**Task to carry out:** All pictures must be dropped, while the entries are given again word for word.

**Supplied material:**

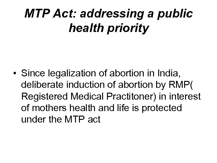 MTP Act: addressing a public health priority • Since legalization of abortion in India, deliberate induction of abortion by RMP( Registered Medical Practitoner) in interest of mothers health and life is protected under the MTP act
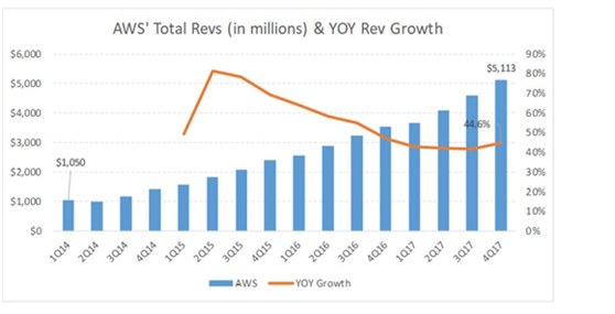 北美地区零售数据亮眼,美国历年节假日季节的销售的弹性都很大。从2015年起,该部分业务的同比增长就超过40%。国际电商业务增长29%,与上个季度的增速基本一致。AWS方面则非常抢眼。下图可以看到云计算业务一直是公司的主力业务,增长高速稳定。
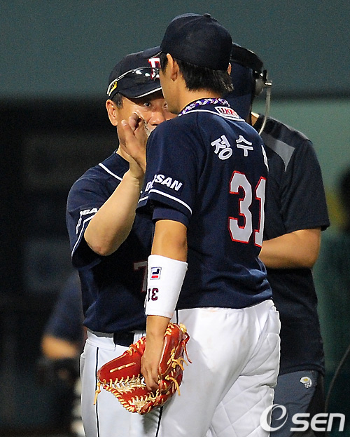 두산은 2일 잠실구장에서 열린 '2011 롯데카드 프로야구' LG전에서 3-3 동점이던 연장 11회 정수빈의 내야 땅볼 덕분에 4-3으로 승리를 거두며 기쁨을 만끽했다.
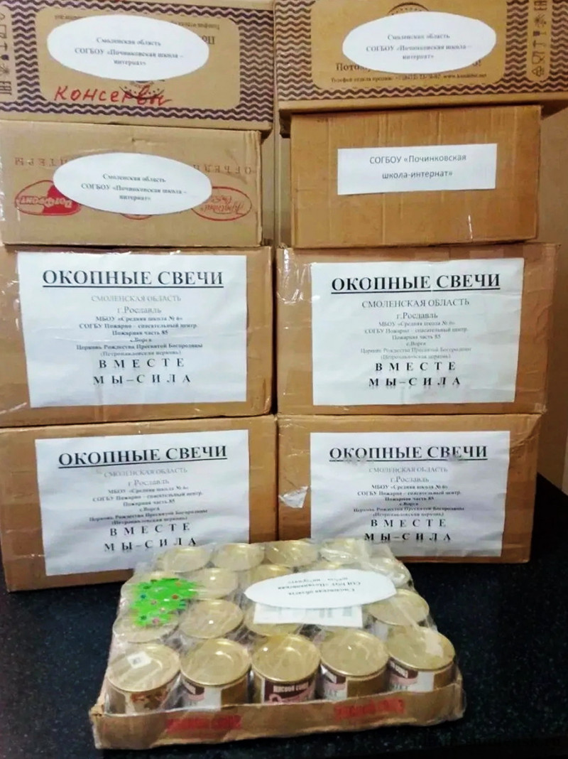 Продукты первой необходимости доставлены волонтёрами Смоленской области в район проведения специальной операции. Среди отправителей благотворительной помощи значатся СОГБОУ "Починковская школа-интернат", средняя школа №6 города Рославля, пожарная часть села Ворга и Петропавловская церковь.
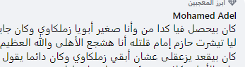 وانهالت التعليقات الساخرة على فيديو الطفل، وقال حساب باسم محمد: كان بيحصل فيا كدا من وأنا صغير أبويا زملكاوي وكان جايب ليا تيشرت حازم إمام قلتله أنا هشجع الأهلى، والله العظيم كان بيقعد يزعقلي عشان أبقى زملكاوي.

**Result of the task:**
 MTP Act: addressing a public health priority • Since legalization of abortion in India, deliberate induction of abortion by RMP( Registered Medical Practitoner) in interest of mothers health and life is protected under the MTP act
 北美地区零售数据亮眼,美国历年节假日季节的销售的弹性都很大。从2015年起,该部分业务的同比增长就超过40%。国际电商业务增长29%,与上个季度的增速基本一致。AWS方面则非常抢眼。下图可以看到云计算业务一直是公司的主力业务,增长高速稳定。
 두산은 2일 잠실구장에서 열린 '2011 롯데카드 프로야구' LG전에서 3-3 동점이던 연장 11회 정수빈의 내야 땅볼 덕분에 4-3으로 승리를 거두며 기쁨을 만끽했다.
 Продукты первой необходимости доставлены волонтёрами Смоленской области в район проведения специальной операции. Среди отправителей благотворительной помощи значатся СОГБОУ "Починковская школа-интернат", средняя школа №6 города Рославля, пожарная часть села Ворга и Петропавловская церковь.
 وانهالت التعليقات الساخرة على فيديو الطفل، وقال حساب باسم محمد: كان بيحصل فيا كدا من وأنا صغير أبويا زملكاوي وكان جايب ليا تيشرت حازم إمام قلتله أنا هشجع الأهلى، والله العظيم كان بيقعد يزعقلي عشان أبقى زملكاوي.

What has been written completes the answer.